** Task item **
The pictures in the data below are to be omitted; all else must be duplicated exactly.

** Data shown **
-=-=-
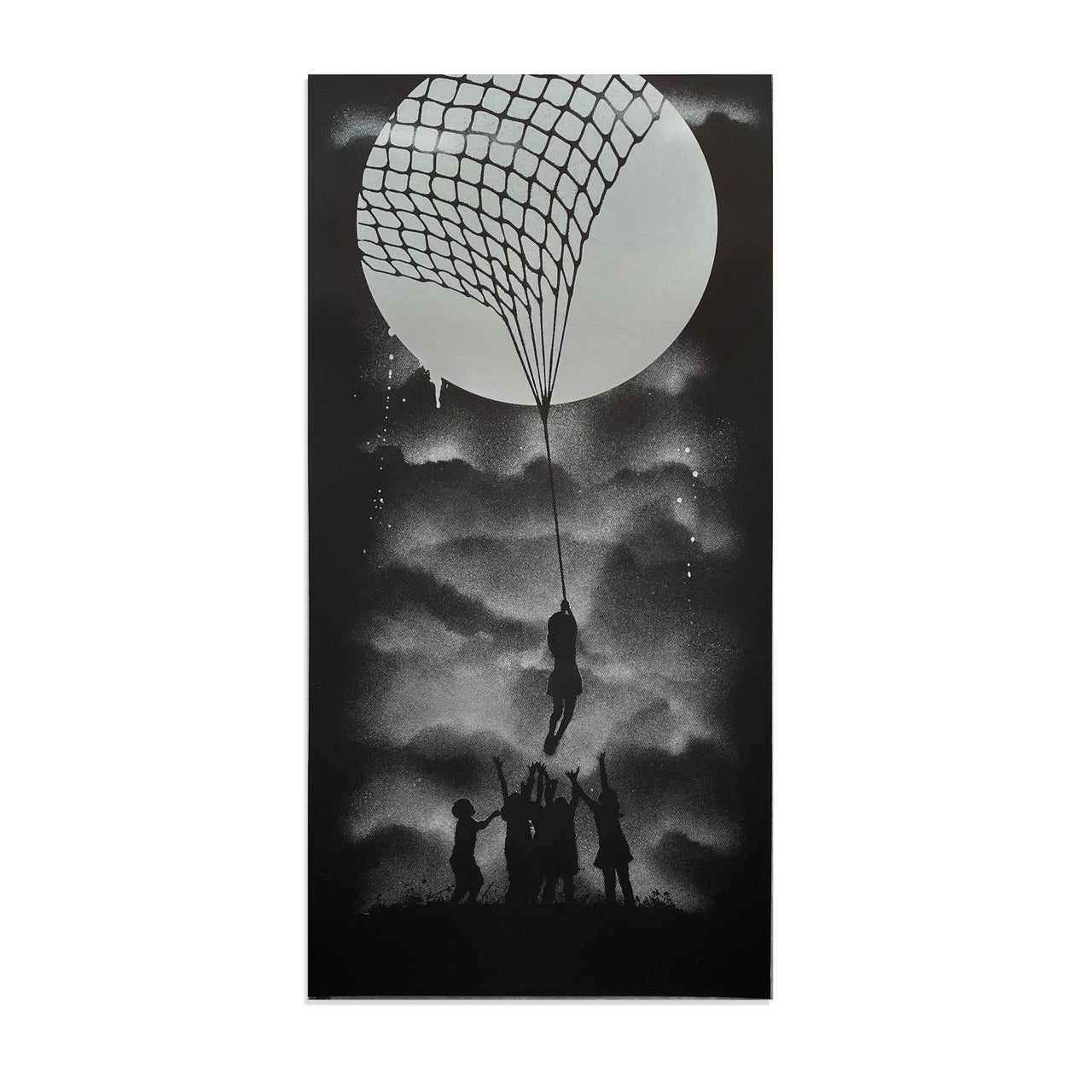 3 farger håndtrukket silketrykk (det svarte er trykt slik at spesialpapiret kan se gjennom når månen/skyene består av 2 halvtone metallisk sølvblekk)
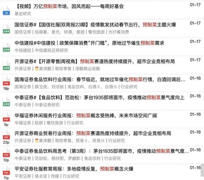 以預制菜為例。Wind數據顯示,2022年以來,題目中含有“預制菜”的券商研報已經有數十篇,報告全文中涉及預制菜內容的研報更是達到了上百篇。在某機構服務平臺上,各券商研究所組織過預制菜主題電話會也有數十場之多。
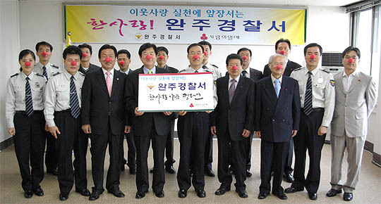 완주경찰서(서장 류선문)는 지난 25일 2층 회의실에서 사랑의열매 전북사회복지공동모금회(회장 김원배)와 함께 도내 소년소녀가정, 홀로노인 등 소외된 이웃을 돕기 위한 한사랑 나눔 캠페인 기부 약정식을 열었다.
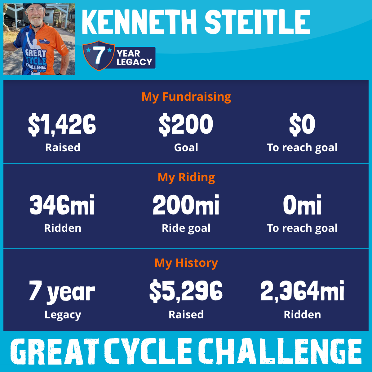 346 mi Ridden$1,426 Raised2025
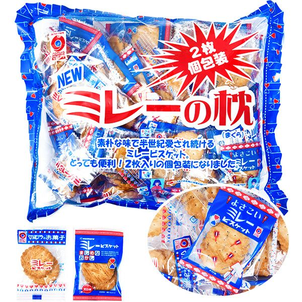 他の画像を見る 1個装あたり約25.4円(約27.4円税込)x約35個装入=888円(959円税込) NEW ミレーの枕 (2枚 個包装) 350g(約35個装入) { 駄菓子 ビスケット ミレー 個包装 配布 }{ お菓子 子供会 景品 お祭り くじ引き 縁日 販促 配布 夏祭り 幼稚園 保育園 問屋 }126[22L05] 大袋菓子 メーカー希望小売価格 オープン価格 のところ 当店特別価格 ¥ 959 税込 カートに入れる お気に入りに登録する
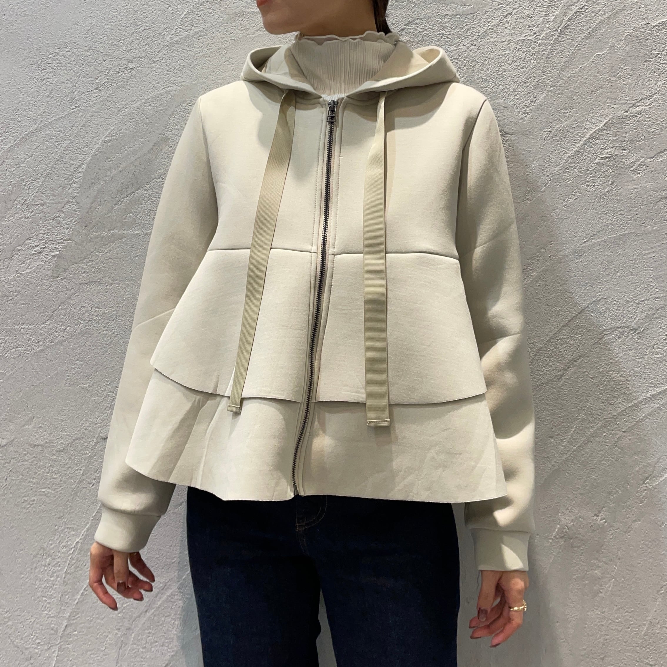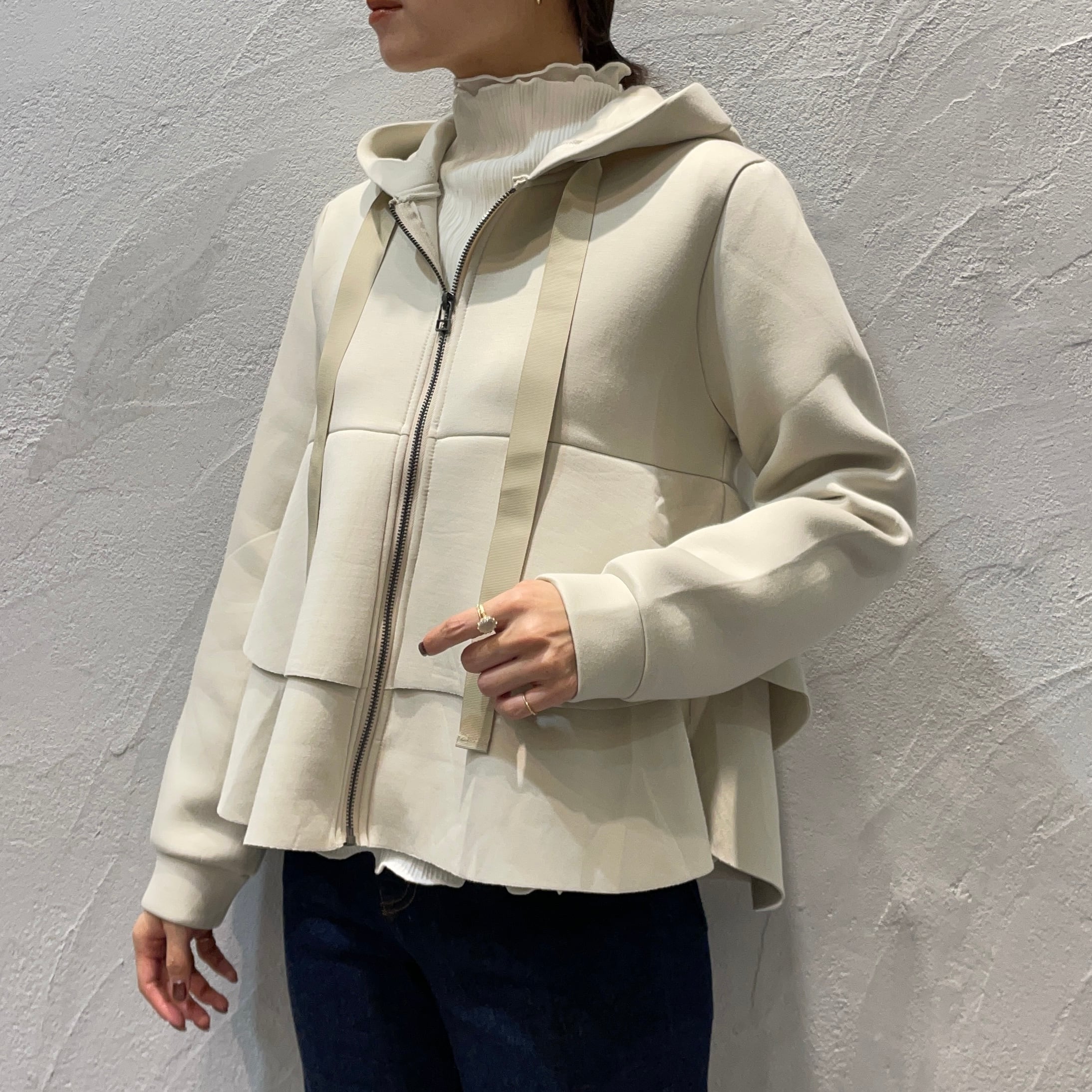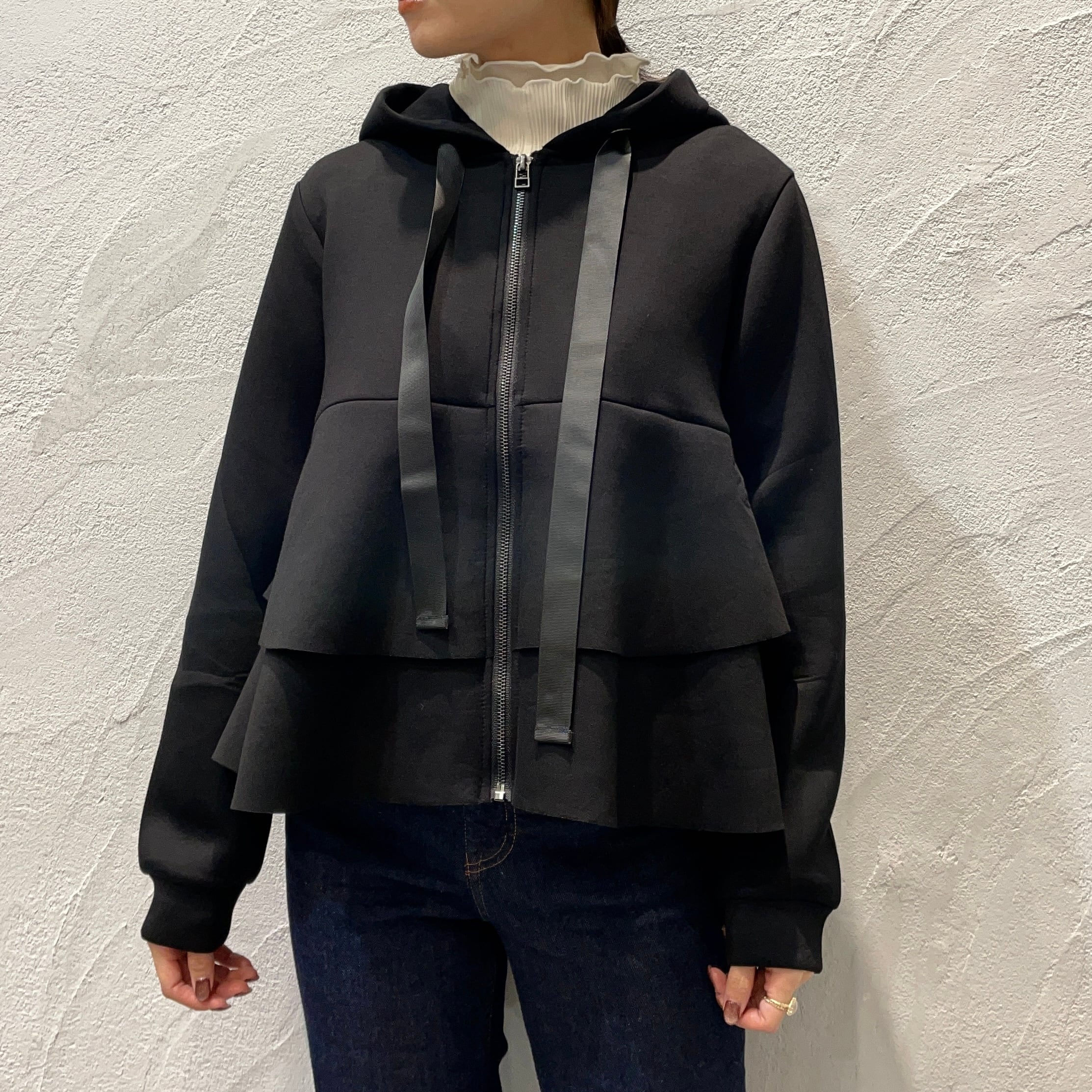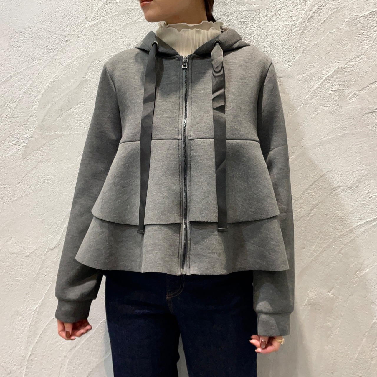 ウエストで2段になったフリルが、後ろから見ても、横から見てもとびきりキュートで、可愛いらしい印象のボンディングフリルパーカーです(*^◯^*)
-=-=-
** Result **
 3 farger håndtrukket silketrykk (det svarte er trykt slik at spesialpapiret kan se gjennom når månen/skyene består av 2 halvtone metallisk sølvblekk)
 以預制菜為例。Wind數據顯示,2022年以來,題目中含有“預制菜”的券商研報已經有數十篇,報告全文中涉及預制菜內容的研報更是達到了上百篇。在某機構服務平臺上,各券商研究所組織過預制菜主題電話會也有數十場之多。
 완주경찰서(서장 류선문)는 지난 25일 2층 회의실에서 사랑의열매 전북사회복지공동모금회(회장 김원배)와 함께 도내 소년소녀가정, 홀로노인 등 소외된 이웃을 돕기 위한 한사랑 나눔 캠페인 기부 약정식을 열었다.
 346 mi Ridden$1,426 Raised2025
 他の画像を見る 1個装あたり約25.4円(約27.4円税込)x約35個装入=888円(959円税込) NEW ミレーの枕 (2枚 個包装) 350g(約35個装入) { 駄菓子 ビスケット ミレー 個包装 配布 }{ お菓子 子供会 景品 お祭り くじ引き 縁日 販促 配布 夏祭り 幼稚園 保育園 問屋 }126[22L05] 大袋菓子 メーカー希望小売価格 オープン価格 のところ 当店特別価格 ¥ 959 税込 カートに入れる お気に入りに登録する
 ウエストで2段になったフリルが、後ろから見ても、横から見てもとびきりキュートで、可愛いらしい印象のボンディングフリルパーカーです(*^◯^*)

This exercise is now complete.